> [ASSIGNMENT] All pictures are to be skipped; retype only the lines from the top of the entries through the line with "Платье нарядное на", both included.

(Beginning of INPUT MATERIAL)

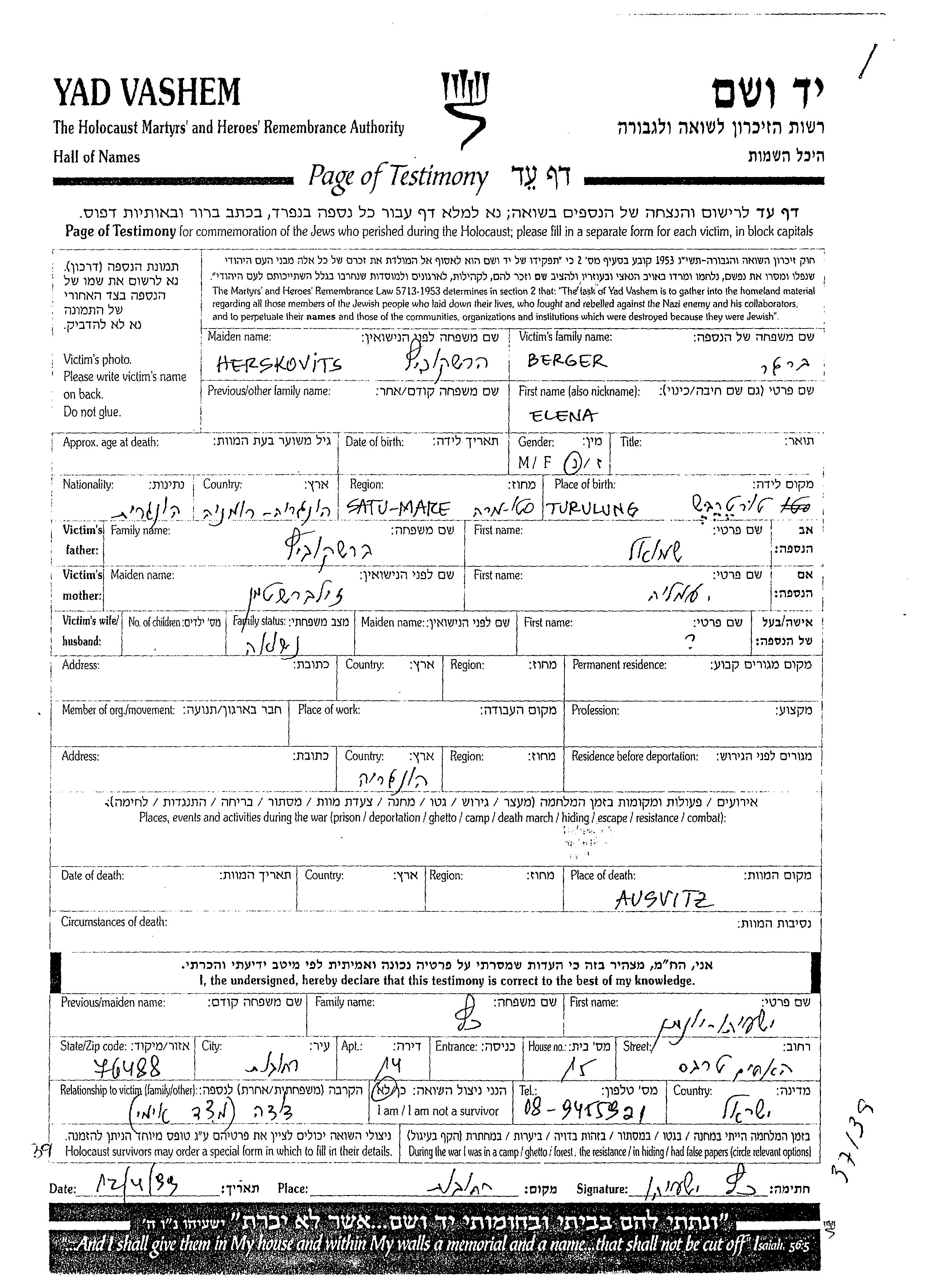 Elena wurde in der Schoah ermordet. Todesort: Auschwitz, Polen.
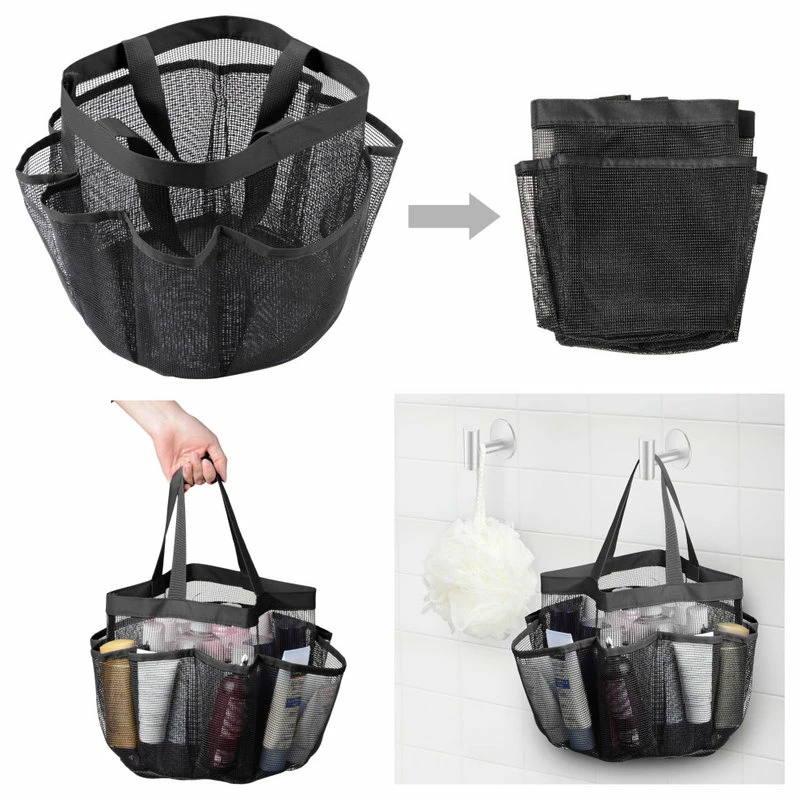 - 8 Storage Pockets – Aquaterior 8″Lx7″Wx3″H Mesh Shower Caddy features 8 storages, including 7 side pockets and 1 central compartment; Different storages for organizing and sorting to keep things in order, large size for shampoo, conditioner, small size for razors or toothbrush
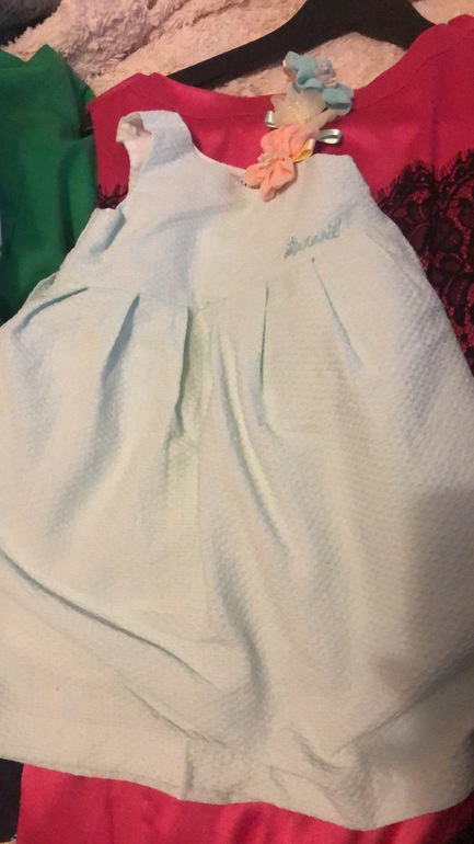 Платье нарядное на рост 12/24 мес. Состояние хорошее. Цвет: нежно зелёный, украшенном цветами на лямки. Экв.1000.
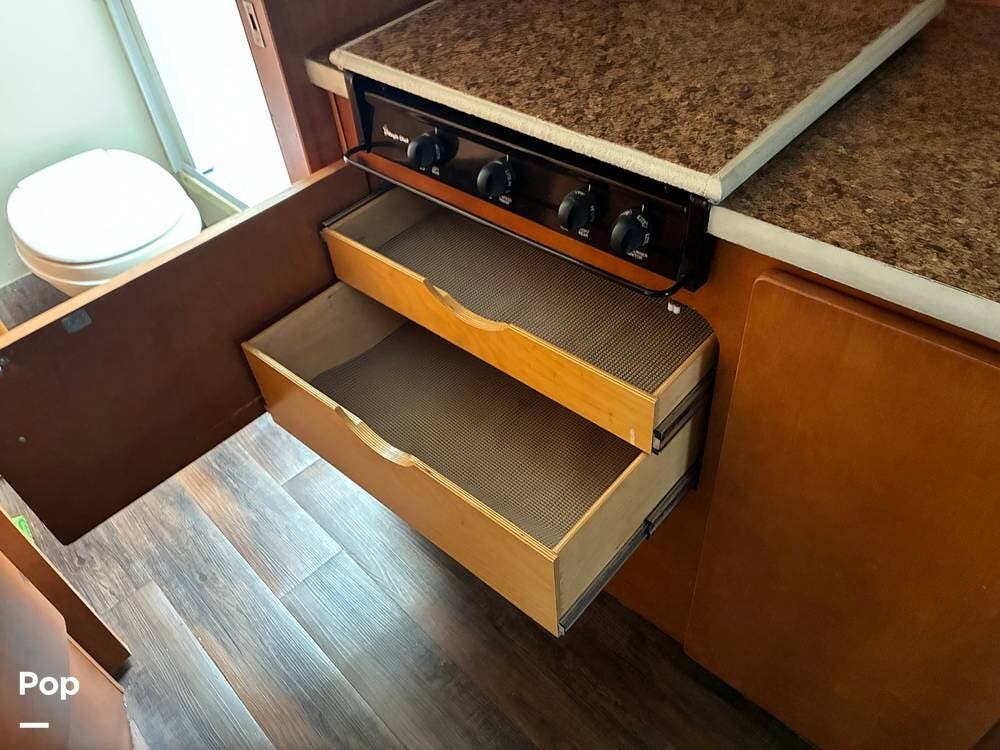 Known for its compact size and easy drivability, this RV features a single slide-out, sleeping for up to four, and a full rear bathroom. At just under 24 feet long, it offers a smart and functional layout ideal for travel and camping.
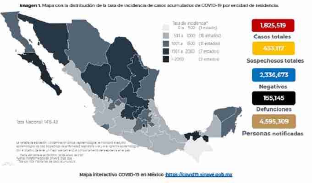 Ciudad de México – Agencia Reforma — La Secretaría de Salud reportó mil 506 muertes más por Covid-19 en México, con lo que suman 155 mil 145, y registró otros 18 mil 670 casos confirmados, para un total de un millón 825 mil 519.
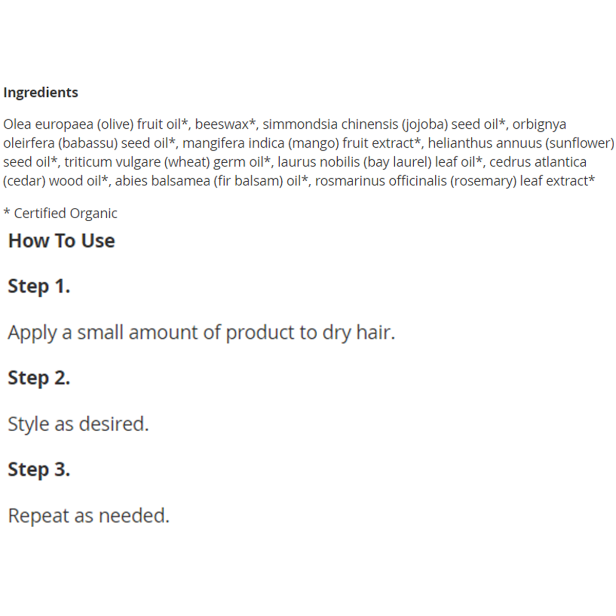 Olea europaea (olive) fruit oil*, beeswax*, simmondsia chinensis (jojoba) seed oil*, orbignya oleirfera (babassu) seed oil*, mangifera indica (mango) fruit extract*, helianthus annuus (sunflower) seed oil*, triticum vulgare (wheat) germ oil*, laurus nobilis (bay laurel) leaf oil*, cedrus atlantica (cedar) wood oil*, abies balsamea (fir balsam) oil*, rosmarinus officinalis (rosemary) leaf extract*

(End of INPUT MATERIAL)

> [SOLUTION]
 Elena wurde in der Schoah ermordet. Todesort: Auschwitz, Polen.
 - 8 Storage Pockets – Aquaterior 8″Lx7″Wx3″H Mesh Shower Caddy features 8 storages, including 7 side pockets and 1 central compartment; Different storages for organizing and sorting to keep things in order, large size for shampoo, conditioner, small size for razors or toothbrush
 Платье нарядное на рост 12/24 мес. Состояние хорошее. Цвет: нежно зелёный, украшенном цветами на лямки. Экв.1000.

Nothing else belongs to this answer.